The senior medical correspondent has faced this quandary not once but several times in Afghanistan, in Haiti and last month, in Nepal.

Other journalists and medical commentators have weighed in on Sanjay’s simultaneous doctoring and reporting. Consequently red flags are flying on the ethical front. But Gutpa has been here before, and has said in the past about a similar incident: ‘Nowhere does it say that when you put on your press credentials they are a bar to your humanity.’

He is right, almost, but ethical journalism does say, as part of your press credentials, you should strive to avoid conflicts of interest, be accurate, independent, fair balanced, truth-seeking , respectful in general  and mindful of vulnerability in children and victims – do not exploit them for ‘gain or glory.’

Two strikes, then, against Sanjay the reporter in journalism ethics 101:  showing a person who is in a vulnerable position and possibly not aware their plight is going to be shown globally (can anyone be more vulnerable than a badly injured disaster victim?) and making himself the focus of the story.

Admittedly, newer online news sources like Vice, Gawker and now Buzzfeed use their reporters as characters in the stories, possibly a natural offshoot of the ‘first person’ narrative world of the blogosphere. But even some of my third year ethics students, digital natives all, question the journalism value in this method. Does it tell you something you wouldn’t be able to know otherwise, does it show respect for the people you feature, how much of the information is manipulated? Where is fair balance when the reporter dominates the story? Who benefits from this form of news reporting, the audience or news organization?

In an industry struggling with dwindling news ratings and a younger public that eschews TV watching for video delivered anytime on phone and tablet, versatility is an attention getter. Sanjay the doc reports on his medical work, Sanjay the Correspondent operates on earthquake victim:  two for the price of one.

Tom Linden, a once-practicing psychiatrist, has taught medical and health journalism for many years at the University of Chapel Hill in North Carolina. He laments that there has not been a code of ethics for reporter/physicians and offers three suggestions, developed with the Health Care Journalists Association (AHCJ). In short, do the doctor job first in emergencies and disasters; get permission to show a child from a parent or guardian; and most germane in Gutpa’s situation: “A physician reporter who treats a patient shouldn’t feature that patient (or ask that patient for permission to be featured) on a radio or television report.”

Praise Gupta for saving the life of the child in the Katmandu hospital and the young mother on the aid helicopter. Blame Gupta for featuring them front and centre in his coverage.

The audience comments on Gupta in Nepal are mainly positive, verging on worshipful, which paints those of us who point out an ethical dilemna for this dual role as mean spirited commentators who simply aren’t able to perform at the same level as the legendary Dr. Gupta. A life saver is not to be treated lightly, but is there not a better way to treat this quandary? Could CNN spring for another journalist to cover the disaster and let Sanjay be the neurosurgeon in this exceptional circumstance?

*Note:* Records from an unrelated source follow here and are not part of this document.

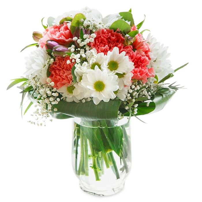 Experience the beauty and uniqueness of our meticulously crafted flower arrangement. This stunning bouquet features a soft color palette with snow-white chrysanthemums, delicate gypsophila, and light pink carnations, all artfully arranged with aspidistra leaves.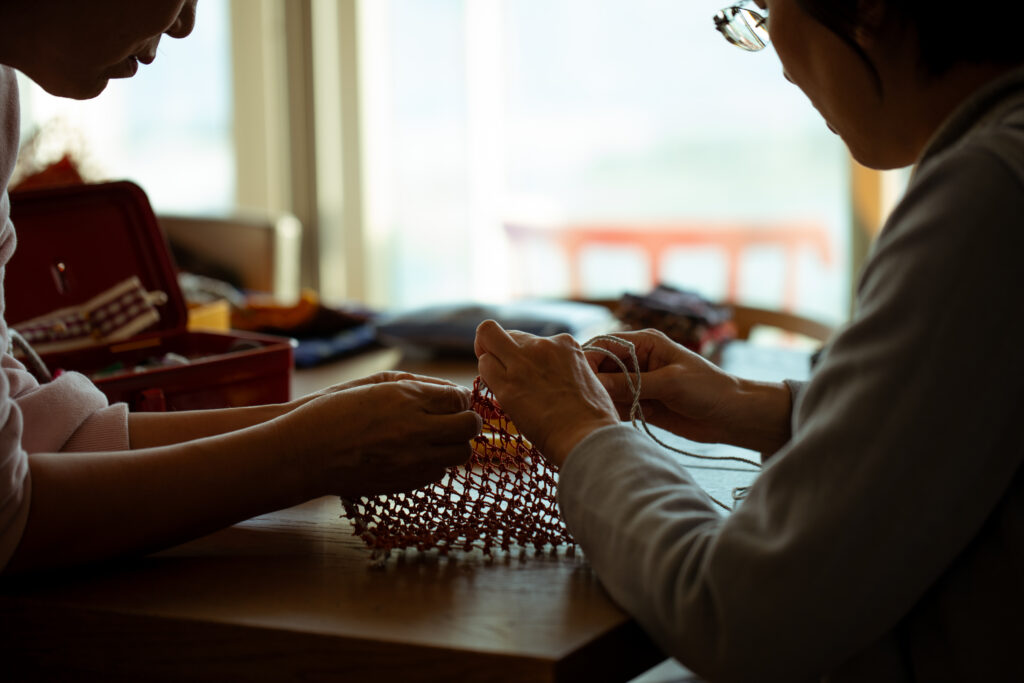 病気やけが、高齢などにより沖へ行けなくなった漁業者に、A4サイズほどの袋をつくってもらっており、陸の仕事づくりにもつながっています。
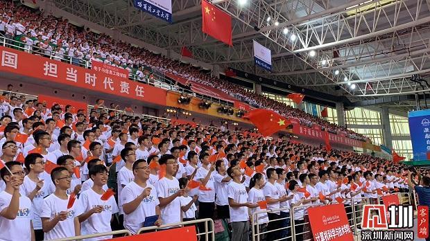 同在9月1日举行开学典礼的还有哈工大(深圳),在深圳大学城体育中心的体育馆内,该校2019级1000名本科生、1008名硕士和218名博士研究生进行了一次"合唱快闪":挥舞着国旗,高歌《歌唱祖国》和《哈工大之歌》。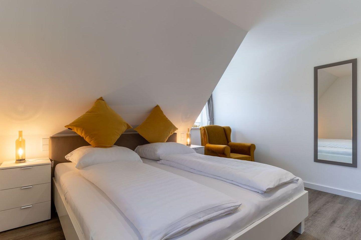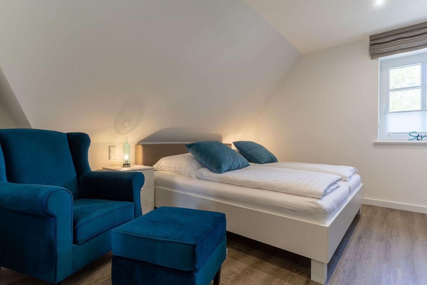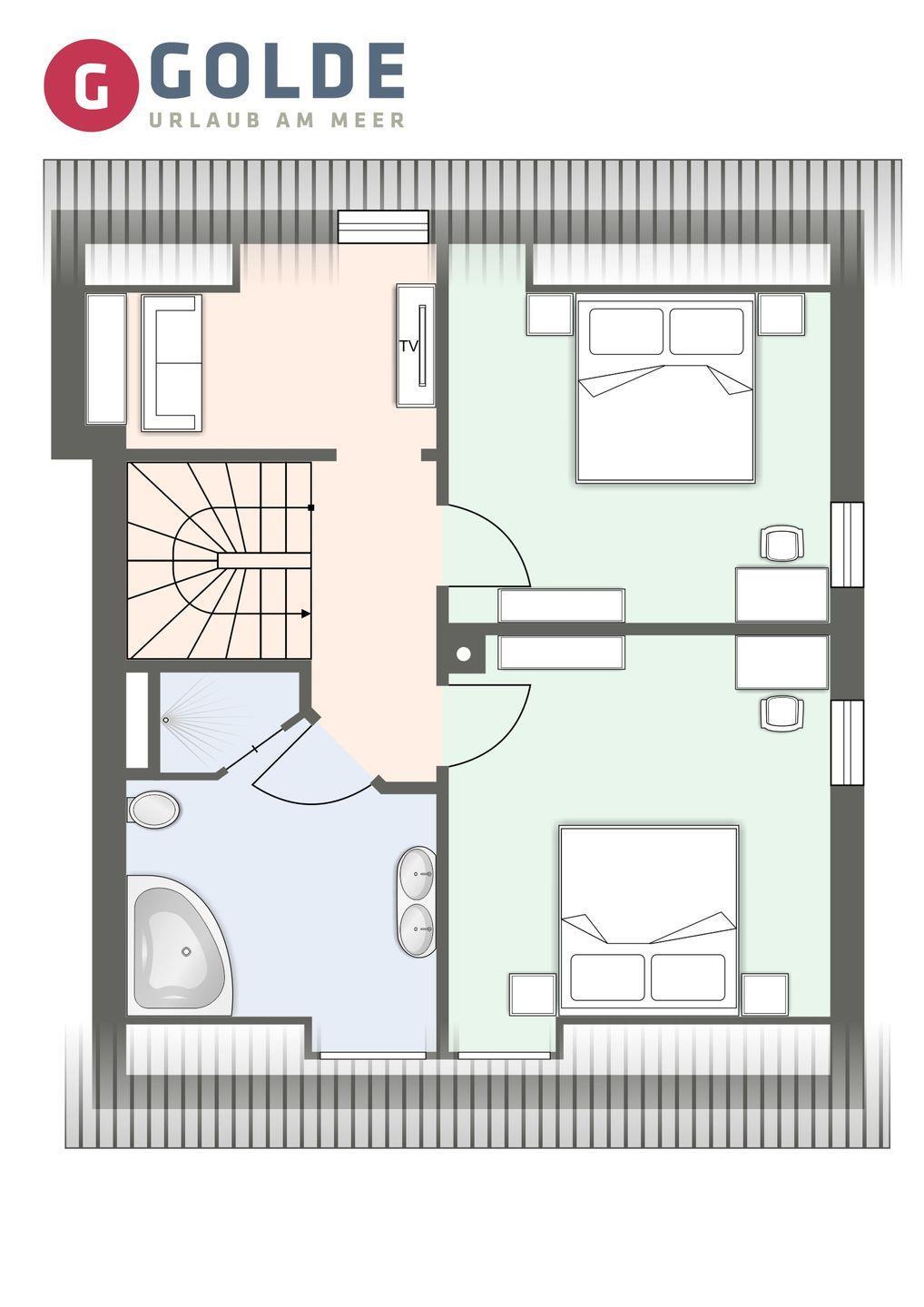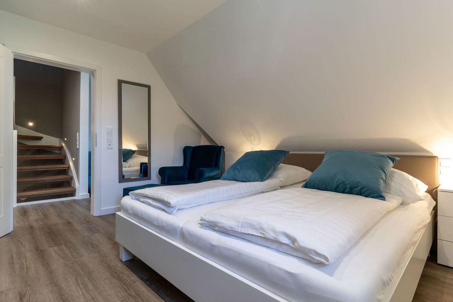 Über eine Holztreppe gelangt man in das Obergeschoss. Die beiden Schlafräume verfügen über komfortable Doppelbetten (1,80 × 2 m), Kleiderschränke gewähren Ihnen hinreichend Ablageflächen.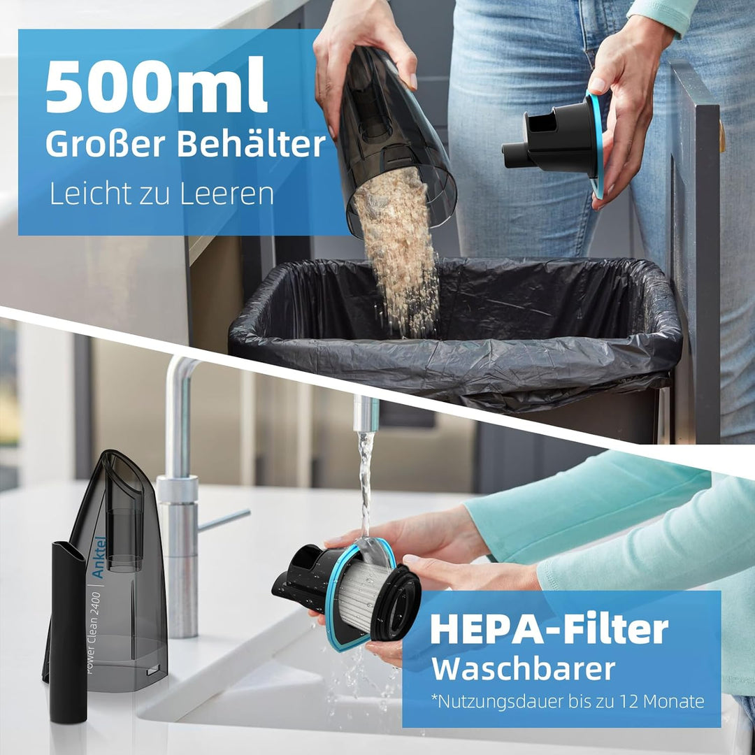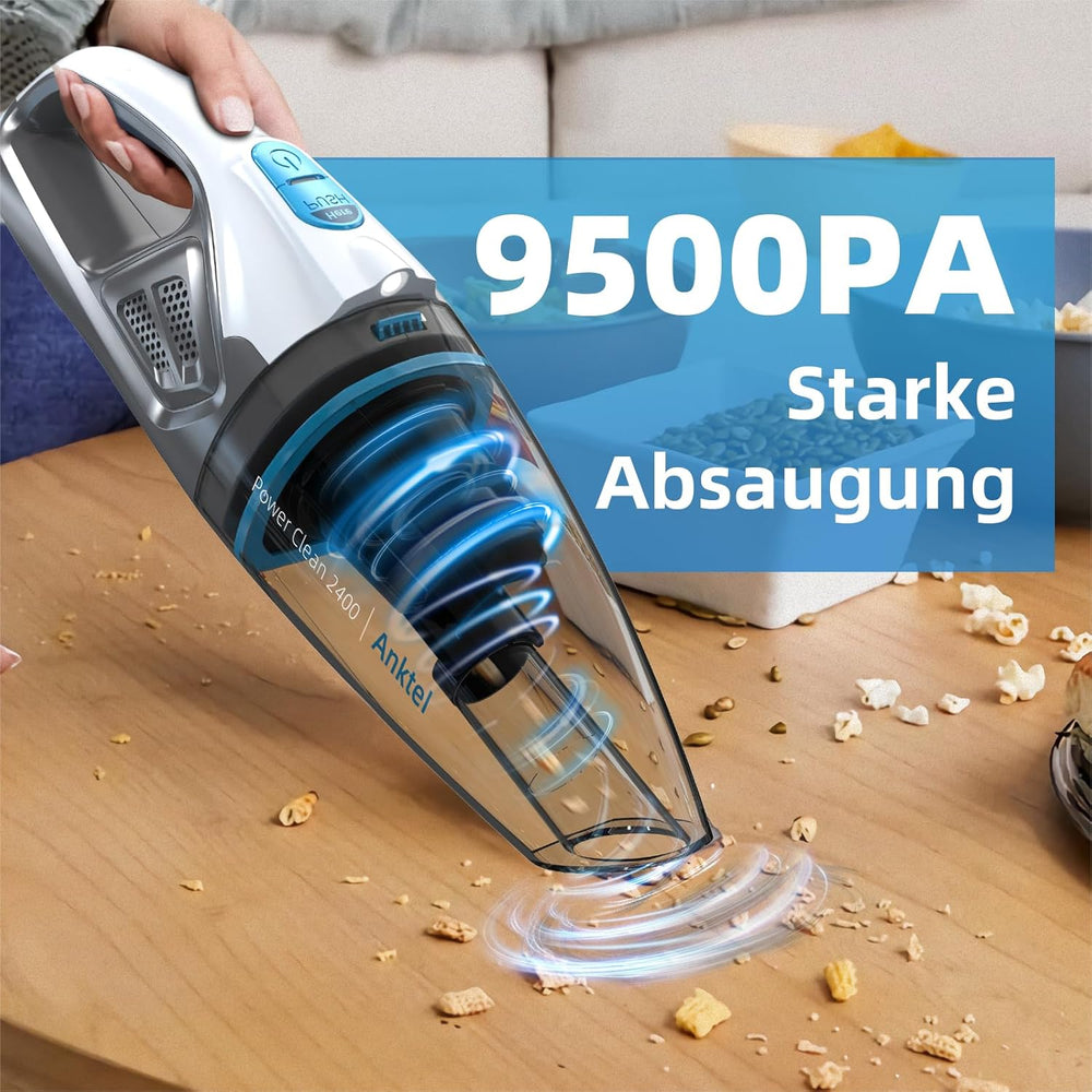 - 【9000Pa Starke Reinigungsleistung】Dank der kraftvollen 9000Pa saugkraft der Anktel-Power Clean 2400 Staubsauger saugt schnell und mühelos Staub und Flüssigkeiten. Ob bei Krümeln, Staub oder Tierhaaren, der Handstaubsauger Power Clean 2400 nimmt

Situations change. Even so, ethics are not particularly elastic, stretch the boundaries and run the risk of ignoring ethical considerations and sound principles in favour of ‘gain and glory’. Sanjay Gupta thinks he is doing a fine job, as does CNN which sees ratings spike during disaster coverage. With more natural disasters forecast as a result of global warming, no doubt more physician-reporters will be in the field.  Logically, other combined reporter/something’s may follow – all the more reason for physicians and journalists and yes, physician-journalists, to recognize questionable ethics and ethical questions and call them as we see them.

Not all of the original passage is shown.